Шрифт:
Интервал:
Закладка:
— Как оклемаешься, догоняй, — наконец сказала она, и бодро зашагала вперёд, при каждом шаге комично вздёргивая ноги гораздо выше, чем требовалось. Платформа проступала из пустоты прямо под ней, превращаясь в длинный каменный мост посреди окружающего не-пространства.
Собрав остатки сил, я поднялся с колен и кое-как двинулся следом.
Удивительно, но чем больше человек устал, тем хуже он вспоминает определённые вещи. То есть, конечно, нифига не удивительно, это так, вымученный сарказм. Вдобавок к тяжёлому дню, где меня таскали по невозможным местам, душили, тащили и подвешивали, по моему мозгу успело хорошенько оттоптаться проклятье Деи. И вот результат: пока я плёлся за Пенелопой, в моей голове крутились лишь самые бородатые, самых тупые анекдоты из детства, которые можно было только представить.

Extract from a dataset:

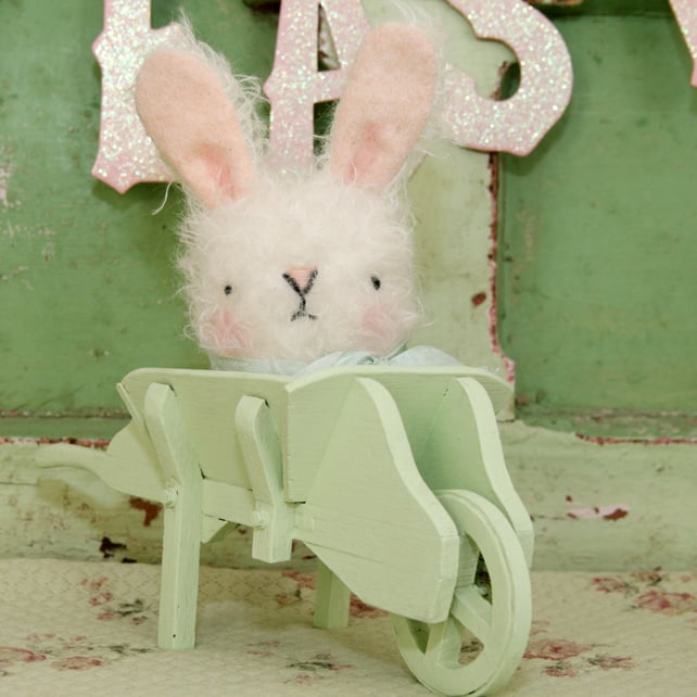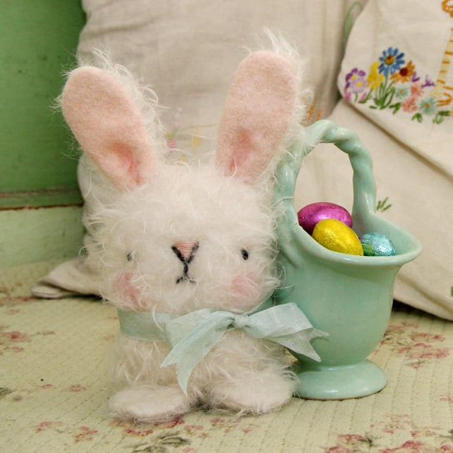Here we have a very cute fluffy Bunny made from wonderful soft curly mohair. He has wool felt lined ears and embroidered features. He wears a lovely blue bow. He is stuffed with quality stuffing and slightly weighted . He measures just over 6 inches including his ears a little larger than the other bunnies. Made by hand from my own design loopylala 2011. Not suitable for tiny children because of the long fur thanks.

Чебурашка и крокодил Гена. Петька и Василий Иваныч. Вовочка. Винни Пух и Пятачок, Холмс и Ватсон. Персонажи чужой культуры, другой планеты, абсолютно незнакомые для Пенелопы. Что было бы плюсом, поскольку анекдоты про них она слышать не могла, да только все шутки либо требовали контекста, либо были настолько плоские и избитые, что не заставили бы улыбнуться и детсадовца. Буратино утонул. Колобок повесился. Да твою же…
— Сколько у меня есть времени? — спросил я бодро шагающую богиню, с трудом пытаясь подстроиться под её темп.

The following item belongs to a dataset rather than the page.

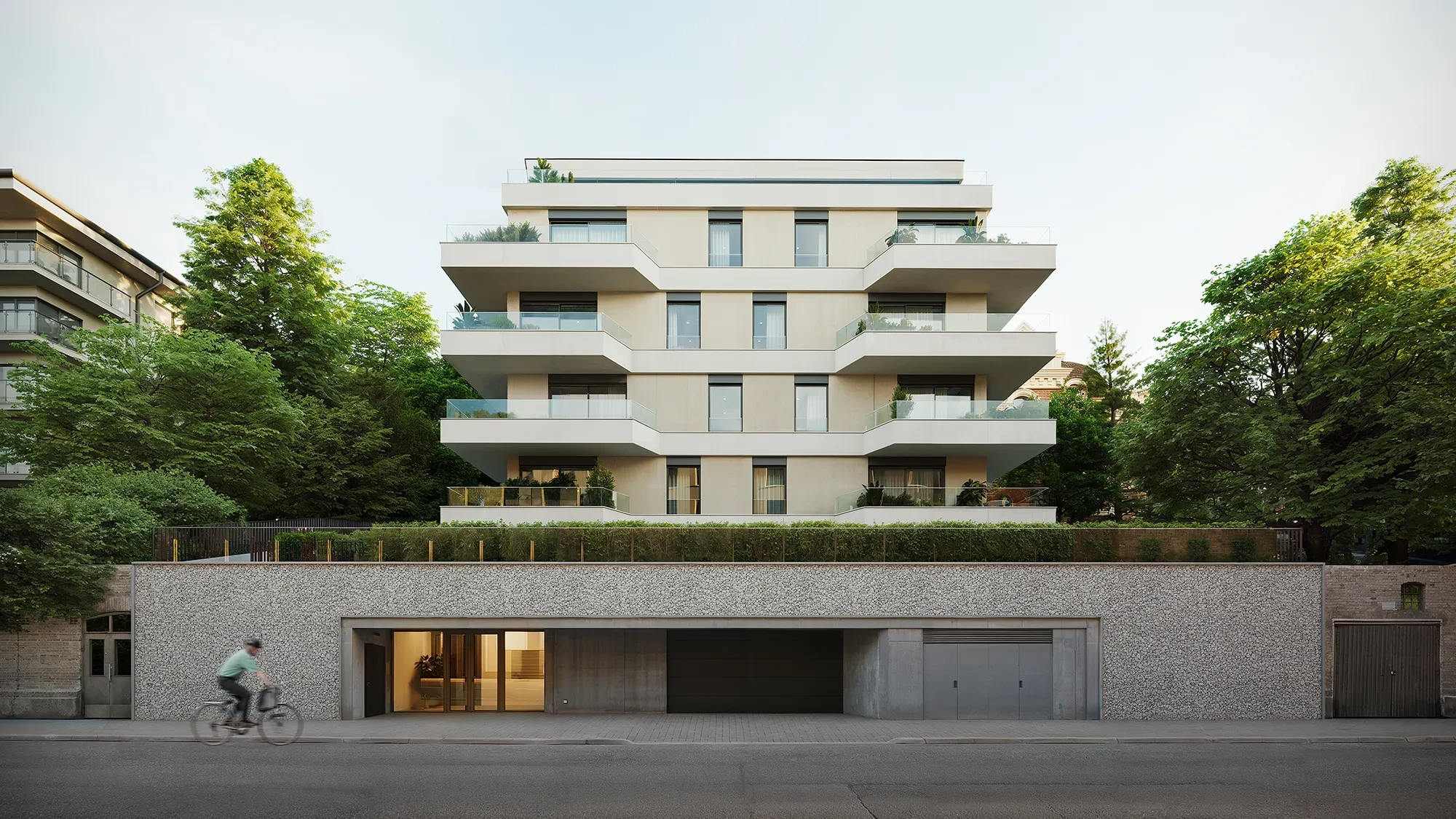 This residential building in Prague is designed in a modern architectural style that combines functionality and aesthetics. The use of light materials, such as plaster, gives the structure a sense of visual lightness and elegance. Clean lines, simple shapes, and large windows create a spacious and contemporary appearance, providing natural light to the interior spaces and ensuring a comfortable living environment in an urban setting. The project seamlessly blends into Prague's historic surroundings, striking a balance between modern architectural trends and the city's traditional character. Neutral tones and understated facades allow the building to harmonize with the surrounding structures, maintaining the rhythm of the street. This project exemplifies the successful integration of a modern residential building into the cultural context of urban development.

— А пока до Обители не дойдём. Ты начинай, не стесняйся, за попытки бить не буду.
— Ладно. Заходит как-то в бар… то есть, в трактир, скелет, и говорит…

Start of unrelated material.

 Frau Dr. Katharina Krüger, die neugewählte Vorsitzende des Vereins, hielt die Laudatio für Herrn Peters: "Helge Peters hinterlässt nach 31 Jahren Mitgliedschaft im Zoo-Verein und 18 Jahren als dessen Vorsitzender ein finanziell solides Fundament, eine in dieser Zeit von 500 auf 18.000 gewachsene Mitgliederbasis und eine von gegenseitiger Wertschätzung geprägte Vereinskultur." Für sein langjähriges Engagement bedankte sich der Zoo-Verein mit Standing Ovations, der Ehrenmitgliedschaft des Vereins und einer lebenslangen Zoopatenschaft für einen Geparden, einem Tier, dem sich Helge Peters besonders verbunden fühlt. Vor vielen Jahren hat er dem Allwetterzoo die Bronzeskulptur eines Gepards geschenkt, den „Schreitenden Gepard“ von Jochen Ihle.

— Трактирщик! Кружку пива и швабру! — закончила она за меня, ухмыльнувшись. — Классика. Давай что поновее.
— Лежат два помидора на столе, — ровным голосом сказал я. — Один у другого спрашивает: «Ты как здесь оказался?» А второй отвечает: «Ааа, говорящий помидор!»
— Уже лучше! Но и этот я слышала.
— Идёт заяц по лесу и кричит…
Память постепенно прочищалась, я даже понемногу вошёл в азарт. Основная проблема оставалась в контексте — если шутку надо дополнительно пояснять, над ней никто не посмеётся. Анекдоты, где упоминались компьютеры, автомобили, мобильные телефоны и вообще любые достижения науки и техники дальше XIX века либо отпадали, либо требовали серьёзной адаптации. Страны и национальности, профессии, религия — я ещё никогда не задумывался, сколько хохм базируется на столь специфических вещах. В сухом остатке — бородатые, простые и детские шутки, а также какое-то количество абстрактного юмора. Всё это отскакивало от Пенелопы, как бумажные шарики от танковой брони.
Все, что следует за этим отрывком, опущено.